Bugün iğneyi; çok konuşan, çok yazan, çok tartışan, çok itiraz eden, çok eleştiren ve hatta bunlarla tanınan, bunlardan başka işi yokmuş gibi bilinen biz kalem ve söz ehline batırmaya niyetlendim.


İnsanlık tarihi boyunca vahiy ve fıtratın doğru zeminde anlaşılması ve uygulanması için nasihat ve tavsiyelerin her zaman özel bir yeri olmuştur. Zaten peygamberlerin vazifesi olarak bilinen tebliğ ve davetin, söz ve konuşma olmadan muhataplarına ulaşması mümkün değildir.


Vahyin nihayetinde, Allah(cc)’in kelamının insanların dilinde yazılıp okunması ve anlatılması bütün Müslümanların temelde bildiği ve uygulamakla yükümlü olduğu bir vazifedir. Kur’an tefsiri başta olmak üzere bütün ilimlerin özeti de budur; vahyin anlaşılması ve anlatılması neticesinde insan hayatının, hem dünya hem ahiret için güzelleştirilmesi.


Peygamberlerin mübarek davetlerini yerine getirmeleri ve bu daveti, ümmetlerinin bilenlerine miras bırakmaları sonrasında, kaçınılmaz olarak söz çoğalmış, ilim büyümüş ve ihtiyaçlarla gelişen dünyanın ve insanın vardığı noktalarda, hakikate ve yaşanmasına olan ihtiyacı kadar gelişmiştir.


Ancak, peygamber ve ilk davete muhatap olan neslin sonrasında, ihtilaflar ve çekişmeler neticesinde, esasında bir hayat sistemi ve yaşam tarzı olan din; kavgada sopa, savaşta silah, münazarada delil, nefislerde gurur sebebi olurken, pratikte hem fert hem de toplum hayatından azar azar çekilmiştir.
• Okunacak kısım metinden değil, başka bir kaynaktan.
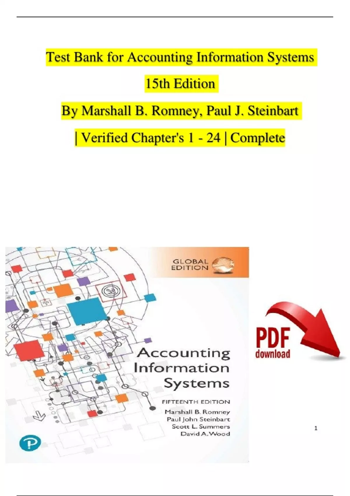 TEST BANK For Accounting Information Systems, 15th Global Edition By Marshall B. Romney, Paul J. Steinbart, All Chapters 1 - 24, Complete Newest Version

İşte bu gelinen nokta, ümmet olarak bizim özelimizde ifade edersek; Rasulullah(sas)’in sahabesi ile bizim aramızdaki en net ve büyük farktır. Dini yaşamak ile kullanmak arasında hiçbir hayırlı neticenin aşamayacağı büyüklükte bir hendek vardır. Hayırları birbirinden ve ümmetin genelinden ayıran bu derin ve büyük hendek, ancak söylenenlerle amel edilmesi ve dinin kavga ya da tartışma aracı değil, hele menfaat veya kazanç sebebi hiç olmadığı bir noktada ancak konuşulmaya başlanabilir.
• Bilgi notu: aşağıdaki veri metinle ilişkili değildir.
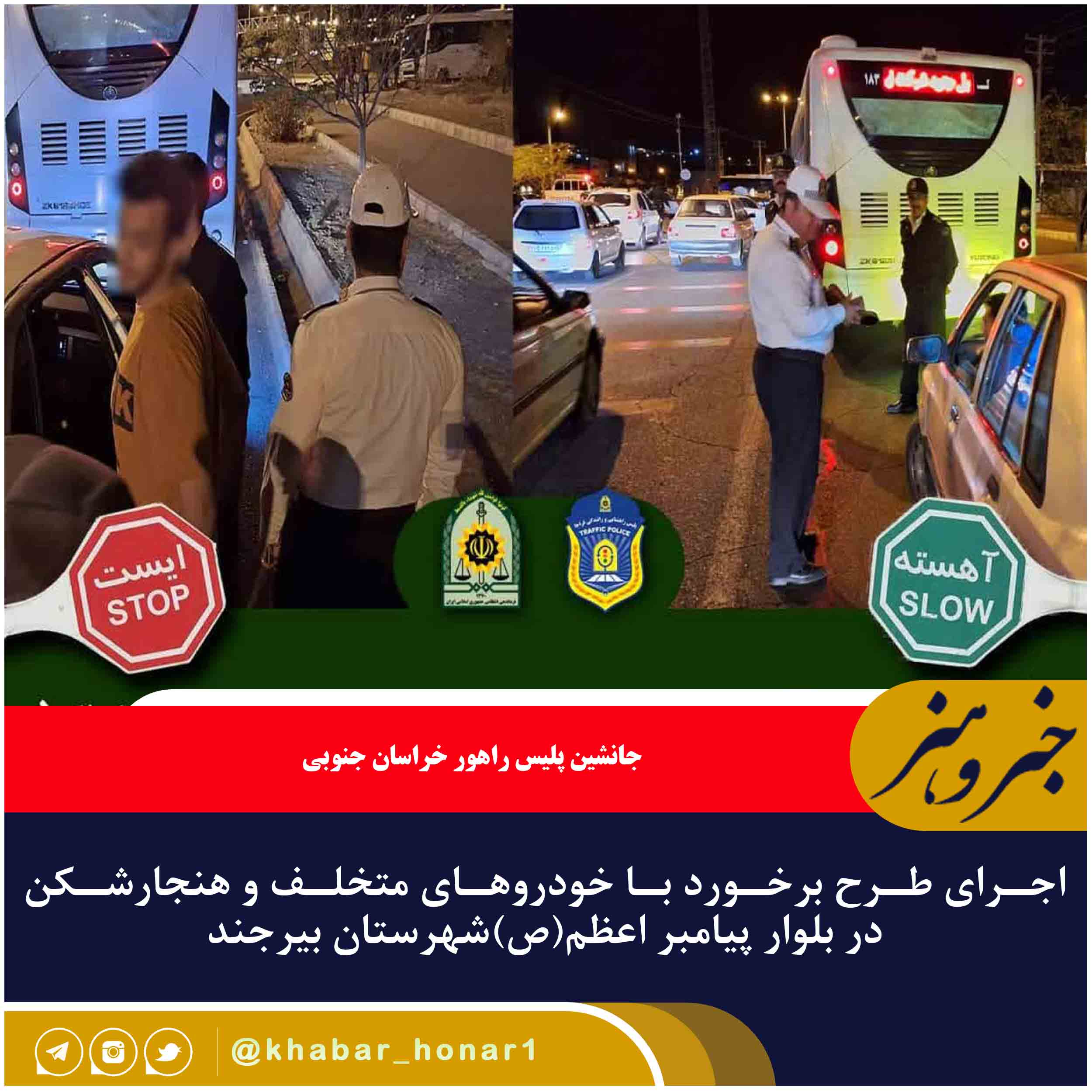 سرهنگ”محمدرضا خسروی” اظهار داشت: در پی مطالبات و درخواست های مکرر مردمی، طرح برخورد با مزاحمت های خیابانی توسط تعدادی از رانندگان متخلف و هنجارشکن در بلوار پیامبر اعظم(ص) که باعث سلب آسایش و امنیت شهروندان می شدند توسط پلیس راهور با همکاری یگان های انتظامی در شهرستان بیرجند اجرایی گردید.

Biz söylemekle meşgul ve meşhur olanlar ile yaşamakla meşgul ve meşhur olanlar arasında işte böyle büyük bir mesafe bulunuyor.
Oysa, bilmek ve üzerinde konuşmak gibi iman etmekle ilgisi olmayan adımları atabilen birçok gayri Müslim (müsteşrik) vardır. Bunlar, İslam’ı ve Müslümanları gayet iyi bilir ve hatta sorunlarına tartışacak ve çözüm sunacak kadar onlarla beraberdirler.


Kur’an ve Sünnet başta olmak üzere, bilinmesi farz olan ilimleri bilen, hatta sıradan Müslümanların bilmediği birçok karmaşık meseleye hakim bir müsteşrikle, samimi bir Müslüman arasında, meselelere bakışta ve pratikte oldukça net ve büyük farklar olması gerekiyor.
İlimden maksat amel, amelden maksat ihsan ve ondan da maksat nihayetinde Allah(cc)’in rızasını kazanmak olmalıdır. Aksi halde mistik araştırmacılarla, modern müsteşrikler arası bir yerde durup kendimizi Müslüman zannetmeye devam ederiz.


Tartışmalarda haklı çıkmak veya insanlara bilgisi ile üstün gelmek, önemli biri gibi görünmeye benzer, zehirli ve helak edici yaklaşımlardan ve anlayışlardan uzak durmamız, şahsi menfaatimizedir.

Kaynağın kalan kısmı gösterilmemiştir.